1. ## Sequences and series..

So, how do I solve this to find the value of n ?

Un = (-1)^n (n / n + 4) and I know that Un = 7 / 9 ?

So do you times (-1)^n and ( n / n + 4) ??

Someone help me out here, with explanation please!

2. Originally Posted by Mathematix
So, how do I solve this to find the value of n ?

Un = (-1)^n (n / n + 4) and I know that Un = 7 / 9 ?

So do you times (-1)^n and ( n / n + 4) ??

Someone help me out here, with explanation please!
What is the question exactly?
I did not understand anything about it.
You have $\displaystyle u_{n}=(-1)^{n}\frac{n}{n+4}$ and what do you want to solve?
It seems $\displaystyle u_{n}$ is already in an explicit form.

3. ^ From that, I need to know how to find the value of n.

4. Originally Posted by Mathematix
^ From that, I need to know how to find the value of n.
Are you asking for which $\displaystyle n$ value $\displaystyle u_{n}=\frac{7}{9}$ holds?

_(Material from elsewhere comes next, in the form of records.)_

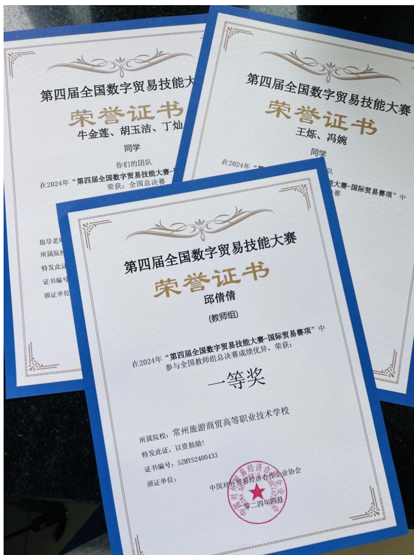
图 6 第四届全国数字贸易技能大赛师生获奖证书
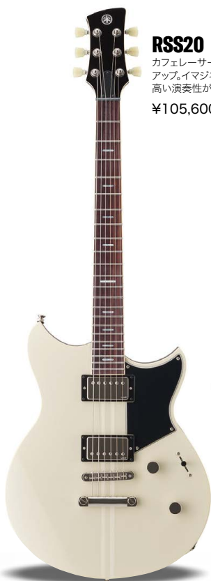
VW (ビンテージホワイト)
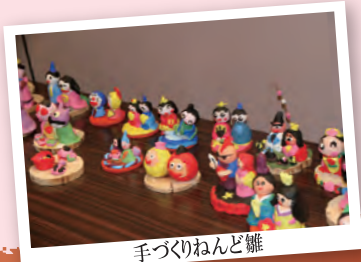
手づくりねんど雛
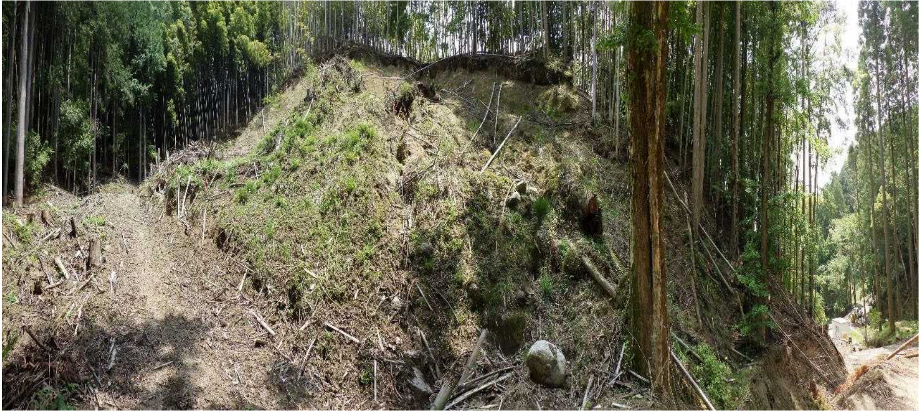
No.3 山腹工全景 (A 基線)
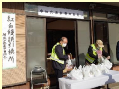
紅白饅頭を配布しました
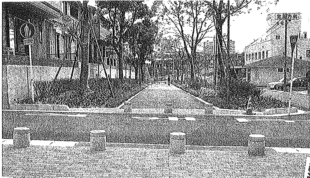
大内町(西緑地公園側より撮影)
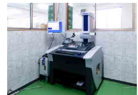
真円度測定器 東京精密
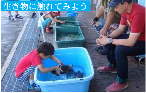
生き物に触れてみよう

If so, $\displaystyle n=14$.
To find the solution, first consider $\displaystyle n=2k$ then $\displaystyle n=2k-1$ for $\displaystyle k\in\mathbb{N}$.
In the first case, you will find $\displaystyle k=7$ ($\displaystyle n=14$) and in the second one $\displaystyle k=-\frac{3}{8}\not\in\mathbb{N}$.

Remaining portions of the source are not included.